Bilin, with about 1,700 residents, had declared its campaign against the barrier one of nonviolent resistance, but the weekly demonstrations often ended with protesters throwing stones and Israeli forces firing tear gas and rubber bullets. Each side said the other had provoked it.
As news of the court ruling reached Bilin, jubilant villagers headed toward the fence.
“We went to court, hired the best lawyers in Israel, and we won,” Abdullah Abu Rahma, one of the leaders of the weekly protests, told The Associated Press.
Mr. Yassin, the council leader, hailed the ruling as a “victory.”
Jonathan Pollack, of Anarchists Against the Wall, an Israeli group that participated in the protests, said the decision “proved that the people, when they choose to act, have the power over Israeli institutions.”

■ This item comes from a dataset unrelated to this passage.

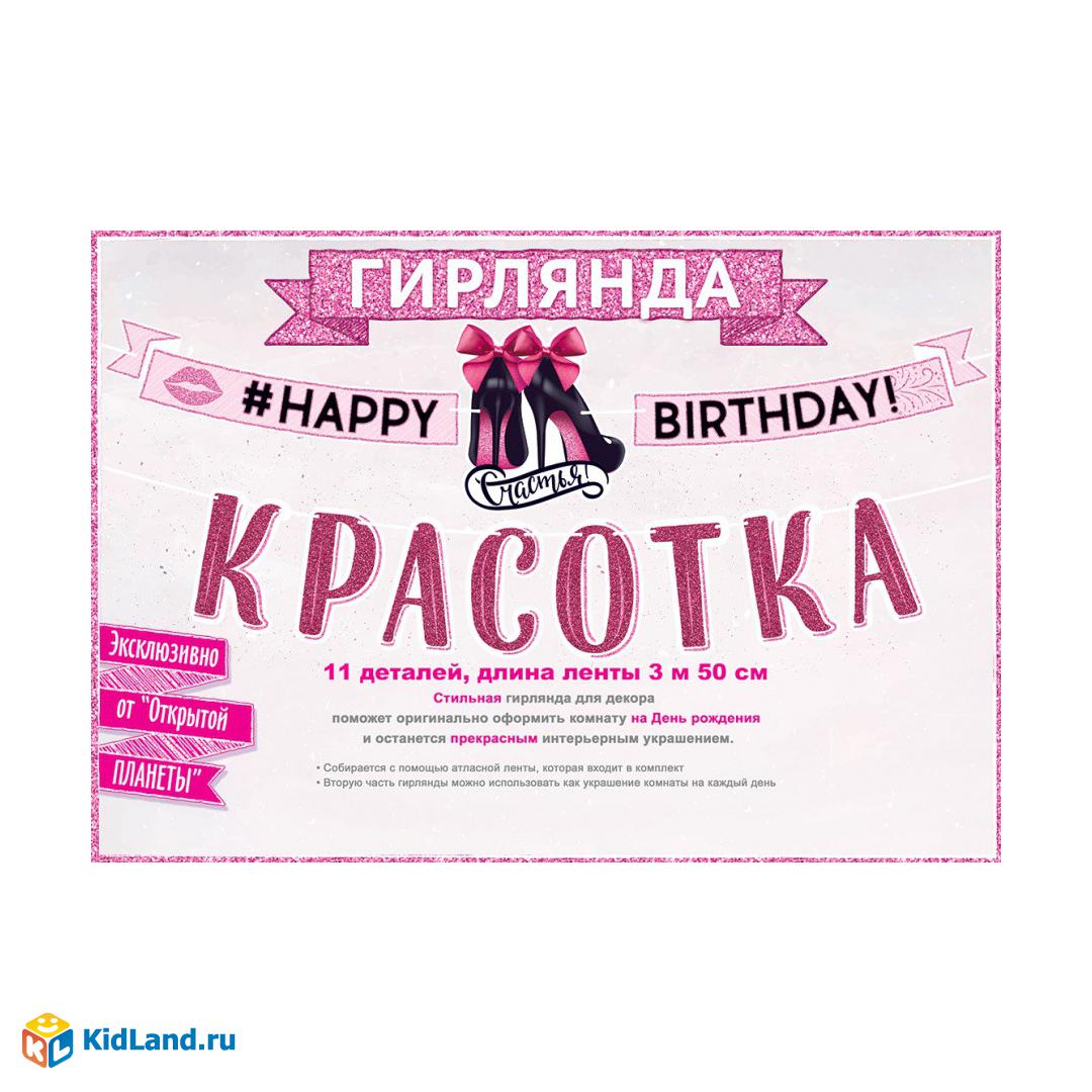 Гирлянда С Днем Рождения, Красотка, Розовый, 350 см, 1 шт

The High Court has often avoided domestically contentious issues, like the legality of the settlements, but when it comes to the barrier, which enjoys broad support among the Israeli public, it has often gone against the defense establishment.
In a landmark judgment in 2004, a week before The Hague ruling was announced, the High Court ordered the state to bring a 25-mile section of the barrier in the West Bank hills northeast of Jerusalem closer to the 1967 boundary, on grounds that the original route caused disproportionate harm to the rights of Palestinian villagers in the area.
But the Israeli court has upheld the principle of building the barrier in West Bank territory given convincing security reasons, and rules on a case-by-case basis. Last Wednesday, the High Court rejected a petition by Palestinian villagers against the barrier route near the Alfei Menashe Jewish settlement. The Palestinians had wanted the barrier moved closer to the 1967 boundary, and away from their homes.
The same day, the court rejected a petition by Alfei Menashe residents who had wanted the barrier moved farther from their settlement, into the West Bank land.